Post  LeeRain Mon Nov 14, 2011 7:07 am


And when the so-called forces of change and democracy squeal like the rats they are for more democracy, for the curbing of his authority, the lion king only has to roar and his police force dutifully arrest and deport trade unionists, journalists and troublemakers.
Swaziland's King Mswati III arrives for the annual Reed Dance at Ludzidzini in Swaziland August 30, 2010. Should King Mswati spend more time in a gym?

The king's prime minister, unlike your own, can even publicly declare that such upstarts should be beaten on the soles of their feet and jailed - for as an African, he knows it is better to be ruled by one lion instead of 1,000 rats.

Not for King Mswati III the messy recriminations of a hypocritical world, no sanctions for him, just shopping trip after uninterrupted shopping trip in any city for him and his lovely wives.

How could you not envy such a man? If there is one thing you could criticise, it would be that at only 42, King Mswati III needs to build himself a gym for the good living is beginning to show in his weight, and his own breasts are beginning to compete for the attentions of the cameras with those of his dancing maidens.

Those who question the king's lavish lifestyle complain that the man flaunts his wealth in a country whose 1.1 million people are surrounded by poverty, that he has long been judge and executioner, that his ministers disregard the relentless pain caused by Aids - HIV is reported to affect 26% of the population - and consider such figures associated with the disease to be the invention of pharmaceutical companies.

The king's ministers and advisors are princes of the Swazi royal house, they have no qualms in safeguarding the status quo and sub-Saharan Africa's last absolute monarchy remains absolute because the world's attention is often elsewhere.

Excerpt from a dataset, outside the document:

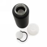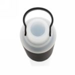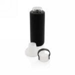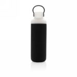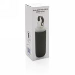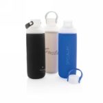 Butelka sportowa 500 ml, silikonowy pokrowiec chroni przed uszkodzeniem i stanowi warstwę izolacji chroniącej przed oparzeniem, szczelne wieczko z uchwytem oraz dwoma otworami do picia (szeroki i wąski), wykonana z wytrzymałego szkła borokrzemowego odpornego na wysokie temperatury i nadającego się w 100% do recyklingu, nie zawiera BPA, ftalanów, PVC, ołowiu i kadmu
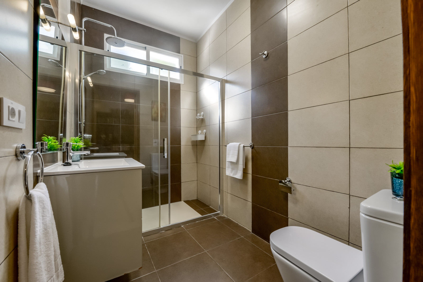 Im Erdgeschoss finden Sie ein Schlafzimmer mit zwei 80cm/200cm Boxspringbetten und Deckenventilator, ein weiteres Schlafzimmer mit einem 90cm/190cm Boxspringbett und Deckenventilator, ein drittes Schlafzimmer mit Doppel-Boxspringbett (2 untrennbare 80cm/200cm Matratzen), Deckenventilator und en-suite Badezimmer mit Regendusche, Wohnzimmer mit Klimaanlage und einem zweiten Fernseher mit Chromecast für mehr Unterhaltungsmöglichkeiten, Esstisch für sechs Personen, eine weitere voll ausgestattete Gasküche mit Backofen, Geschirrspüler, Kühl- und Gefrierschrank und ein Badezimmer mit begehbarer Regendusche.

Yet those who rule us can sometimes be kings with another name - president seems the 21st Century's favourite synonym for such men of power - and it is possible in today's Africa to find oneself in prison for calling your president an old man, even when nature and fact would agree with you.

And should King Mswati III live to be 50 on the occasion of his country's 50th anniversary eight Septembers from now, you can rest assured that his guests will include all the presidents from the last celebrations, safe in the knowledge that their own "kingdoms" will return them to power too, for democracy can be like God himself saying: "Don't go anywhere, your country needs you".

And so as September rolls on with her heavy memories, what lessons would King Mswati give to the world?

Surely men like him would know how to deal with a troublesome pastor from Florida keen on lighting up the world by torching a holy book?

If Pastor Jones was in Mbabane, how many of us would have protested if the Swazi Prime Minister, Barnabas Dlamini, had taken a pedal with spikes to the souls of Mr Jones' feet?

Any pastor would know how to walk the path of peace then, wouldn't he?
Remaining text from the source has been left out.